Why This Is Familiar If You Build Bots
Anyone who has written a Discord bot knows that WebSocket connections are the baseline, not an optimization. The Discord gateway is a persistent WebSocket; you connect once and receive events for the lifetime of your bot process. The alternative, polling REST endpoints, is technically available but is worse for event handling latency by design.
The model API world has historically been different because inference requests are computationally expensive and stateless serving is easier to scale horizontally. Each HTTP request can land on any available GPU worker; no session affinity is required. A persistent WebSocket session needs to stay pinned to the same backend or have its KV state transferred between nodes, which is real infrastructure complexity.
What the Responses API WebSocket work represents is OpenAI accepting that infrastructure complexity because the latency and cache benefits justify it for agentic workloads. The trade-off is the same one Discord made for gateway versus polling, just applied at the model-serving layer rather than the event-delivery layer.
What This Does Not Solve
Connection-scoped caching helps with within-session latency. It does not help with the cold start on the first turn, where your full system prompt still requires processing. It does not help with tasks that span multiple sessions or are interrupted and resumed, because the KV state is tied to the connection lifetime. For long-running tasks that outlive a typical connection, or for agents that check in periodically over hours, you fall back to content-addressed caching or full recomputation.

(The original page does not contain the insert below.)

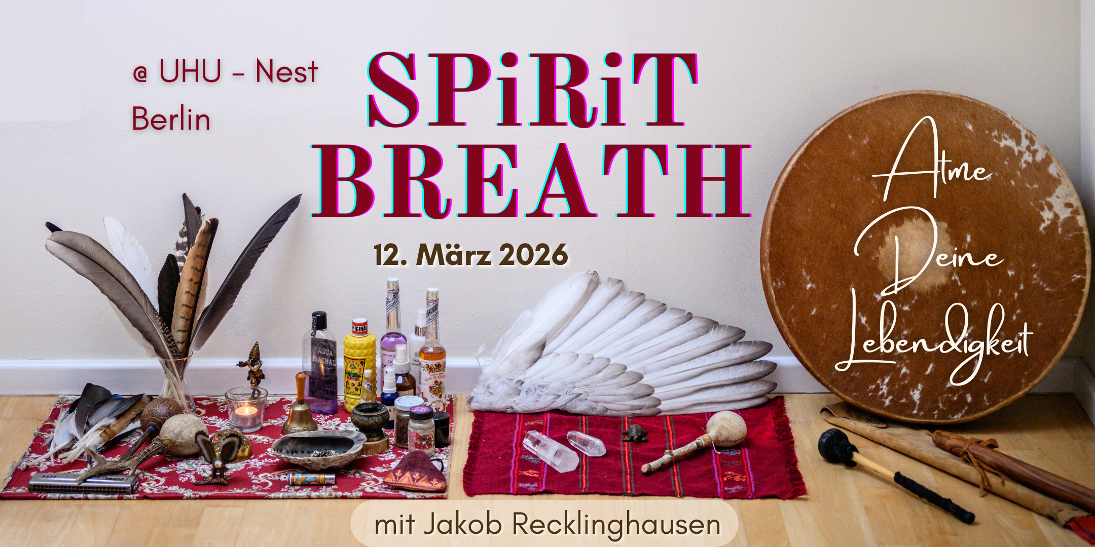 UHU (Nest) Moosdorfstr. 7-9, Berlin, Berlin, Germanymit Jakob Recklinghausen Beim schamanischen Breathwork nutzen wir die Kraft der Spirits, um uns in die volle Lebendigkeit zu atmen. Der Atem ist die Schwelle zwischen willkürlicher Handlung und vegetativer Funktion. In unserem persönlichen Atemmuster ist unsere Lebensgeschichte gespeichert. Durch den verbundenen Atem können wir Erinnerungen und gefrorene Gefühle aus dem Unbewussten ins Bewusstsein holen, […]

There is also a resource question. Pinning KV cache state per connection means holding GPU memory proportional to the prefix length for each active connection. At large scale, this is a meaningful constraint on how many concurrent sessions a deployment can hold. It is presumably why the feature is being demonstrated through Codex rather than being universally available without restriction.
Finally, WebSockets add client-side complexity relative to SSE. Server-Sent Events over HTTP are straightforward to implement and debug: open a request, read newline-delimited JSON events, handle connection drops by retrying. WebSocket session management, reconnection with state recovery, message ordering guarantees during tool execution timeouts, and heartbeat handling are all additional concerns. For a production agent, this is manageable but not trivial.
When to Use It
If you are building an agent that runs a loop with many sequential model calls per task, the WebSocket transport in the Responses API is worth adopting. The latency improvement is not marginal on long tasks: eliminating dozens of connection setups and replacing speculative prompt cache hits with guaranteed KV locality changes the execution feel of the agent in a measurable way.
For single-turn applications, short conversations, or low-frequency interactions, the overhead of maintaining a persistent connection probably is not worth it. Use SSE over HTTP, rely on prompt caching for your system prompt, and keep the implementation simple. The WebSocket mode solves a problem that only becomes painful at the scale of a real agentic loop, and it is calibrated for exactly that use case.